Cirque du Soleil sued Justin Timberlake last week, alleging that the singer, along with his writers, producers and recording company, “sampled” a portion of Cirque’s song, “Steel Dream” without permission on his 2013 song, “Don’t Hold the Wall”.

Before reading any further, listen to the first 20 seconds of “Steel Dream.” Now listen to Timberlake’s song, beginning at 4:04.

If you were on a jury, would you say that Timberlake and his team used a portion of Cirque’s song in “Don’t Hold the Wall”?

The answer is undoubtedly yes, even if the “Justin Timberlake fan” inside of you is telling you otherwise. Those 15-second tracks are nearly identical.

So can Timberlake and his team get out of this mess?

To answer that question, you first need to understand how “sampling” fits into US copyright law.

“Sampling” occurs when one artist takes a portion of another artist’s song and reuses it in a new song. Note, however, that sampling does not necessarily require use of a pre-existing recording.

Here, Cirque du Soleil has a copyright interest in the composition (codified in 17 U.S.C. § 102(2)) of “Steel Dream” and a second copyright interest in the sound recording (codified in 17 U.S.C. § 102(7)). Thus, even if Timberlake did not use Cirque’s pre-existing recording (that you just listened to on YouTube), he could still be liable for copyright infringement for use of the underlying melody or lyrics.

In the early days of hip hop, no one bothered to get a license to “sample” another artist’s work, but once the music business tanked, publishers and recording companies needed to find more ways to make money.

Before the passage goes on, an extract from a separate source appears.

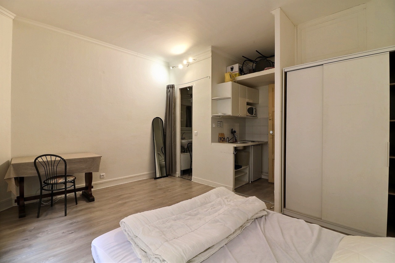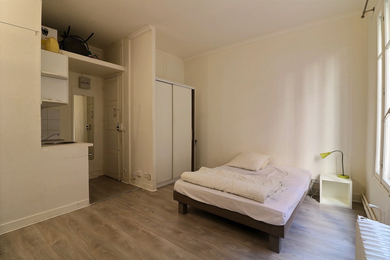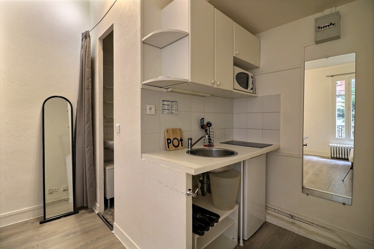 Au RDC sur jardin, un studio de 19 m² composé d'une entrée, une pièce principale avec grandes fenêtres, une cuisine ouverte aménagée, une salle d'eau avec un toilette. Cet appartement donnant au calme sur jardin profite d'un agencement sans perte de place et d'une hauteur sous plafond de 3m.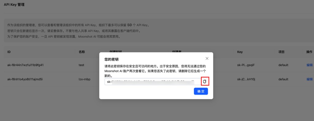 选择对应的供应商,并填入相关的 API Key,下图以 Moonshot(月之暗面) 为例:

Thus began the trend of requiring a license to “sample” the work of another artist and slapping a copyright infringement claim on anyone who refused to obey.

Under Section 106(2) of Title 17 of the United States Code, the owner of a copyright has the exclusive rights “to prepare derivative works based upon the copyrighted work.” The argument being made by publishers and recording companies (and Cirque du Soleil) is that “sampling” is a derivative work and thus protected under copyright law.

Timberlake now has three arguments he can make:

1. No Copyright Infringement

To establish infringement, Cirque du Soleil must prove that it has a copyright interest in “Steel Dream” and that Timberlake copied elements of the work that were original. “Copying” requires Cirque to prove that Timberlake’s song is “substantially similar” to Cirque’s song and that Timberlake had access to the song.

Timberlake could argue that the similarity is not substantial and that no one from his team saw the show or heard Cirque’s song prior to creating “Don’t Hold the Wall”.

2. Fair Use

17 U.S.C. § 107 allows one artist to use the copyright of another artist without permission in certain, limited situations. In determining whether a particular use is “fair”, courts will consider: the purpose of the use; nature of the copyrighted work; the amount used; and the effect the use has on the copyrighted work’s commercial success.

Timberlake would have to admit to using “Steel Dream” without permission, but could defend himself by arguing that the use was “de minimis” and did not hurt Cirque’s ticket and record sales.

3. De Minimis

Some courts have argued that “de minimis” is available as an alternative to fair use in cases where the violation is “so trivial that the law [should] not impose legal consequences.” Ringgold v. Black Entertainment Television, Inc., 126 F.3d 70 (2d Cir. 1997).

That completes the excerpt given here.